Help

The "Logout" policy trigger will be removed in a future release.

claudiogardini
Contributor

Posted on ‎05-04-2020 02:18 AM

Hi all,

I've just seen the News that the Logout Trigger will be removed in the Future. Is there a underlying Reason for this (eg. change in Apple Security)?

Do we know in which release the Trigger will be removed?

Labels:
1 REPLY 1

mike_paul
Contributor III
Contributor III

Posted on ‎05-07-2020 02:03 PM

Hey @claudiogardini, thanks for the post and asking the question. You are correct that we didn't provide much information around our reasoning for planning to remove that functionality in an upcoming release. We are currently unsure on when this work will be complete and it will take us a little while to get there but we always like to give a heads up around future removal plans.

For recap the Jamf Pro 10.21 release notes stated:

Login/logout hook settings for background actions and user actions—The Perform login hook actions in background and Display status of login/logout hook actions to users checkboxes will be removed in a future release. Logout policy trigger—The "Logout" policy trigger will be removed in a future release.

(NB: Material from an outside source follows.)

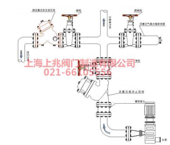 六、YQ98002型过滤活塞式安全泄压阀--安装方式及连接要求: 一、根据工况的减压特性,必须在该阀前安装 闸阀; 二、方便日后对该阀进行检修工作.必须在减压阀后安装可曲绕软连接; 三‘最佳安装方式为卧式,其它方位也可以接受; 四、必须留出足够的工作空间方便检修; 五、吊装时采用有效措施进行.也可利用该阀吊环进行。 七、YQ98002型过滤活塞式安全泄压阀--安装图:

To be as clear and candid about it as we can I'll give a brief rundown on why:
1. Per Apple, Login and logout scripts are a deprecated technology, technically they still kind of work but are much less reliable than they previously were
2. Starting with any newer macOS (10.14+) with PPPC/TCC requirements they do not allow for these processes to be ran while NOT in the background if they are doing anything that interact with these newly protected areas. For example running a policy that is mounting an smb distribution point would fail if not ran in the background.
3. So that means that all process must be ran in the background so we are going to remove the ability disable that as its a global setting
4. Since everything will be ran in the background it won't be able to hold any processes so any policy that ran at logout that didn't complete in the short bit it takes to finish logging out/shutting down would fail. Which would be the large majority of things. The end result of a Login is the user is on a booted computer so it doesn't run this risk so we will keep that.
5. "Display status of login/logout hook actions to users" is part of this non-background stuff and also very limited on functionality and minimally used so we figured we yank while we were there too.

I hope this helps clear up why we are moving this direction.